Ehrlichiosis is a disease transmitted by tick's bite that affect dogs and humans caused by the species Ehrlichia canis and E. chaffeensis, respectively. These bacteria are obligated intracellular gram negatives, with a cocoid to pleomorph aspect and can infect monocytes and trigger symptoms such as high fever, anorexia, thrombocytopenia, hemorrhages, anemia, and some serious problems such as splenomegaly, hepatomegaly and meningitis. There are several diagnostic tests for ehrlichiosis such as the hematological ones that evaluate the morphology of the monocytes in search of morulae; serological tests that includes the search of anti-Ehrlichia antibodies, although they might be limited due to cross reaction with other species.
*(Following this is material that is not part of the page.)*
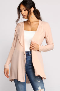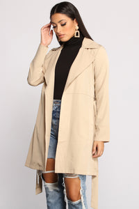 Get a classic and chic vibe in this flowy belted trench! It features a lightweight crepe fabric with a drape front and a tie front belt to cinch the waist. Pair this trench with a basic bodysuit and destructed denim for an overall gorgeous look.

In other hand, the culture of Ehrlichia species is an effective method to obtain antigens and even develop indirect immunofluorescence assays (IFA). The polymerase chain reaction offers a definitive diagnosis associated to the use of genus-specific and species-specific primers, as well as its increased sensibility and specificity, compared to the others methods. Thus, in this review, we will discuss various methods applied to the diagnosis of this disease, as well as the advantages and disadvantages that these present.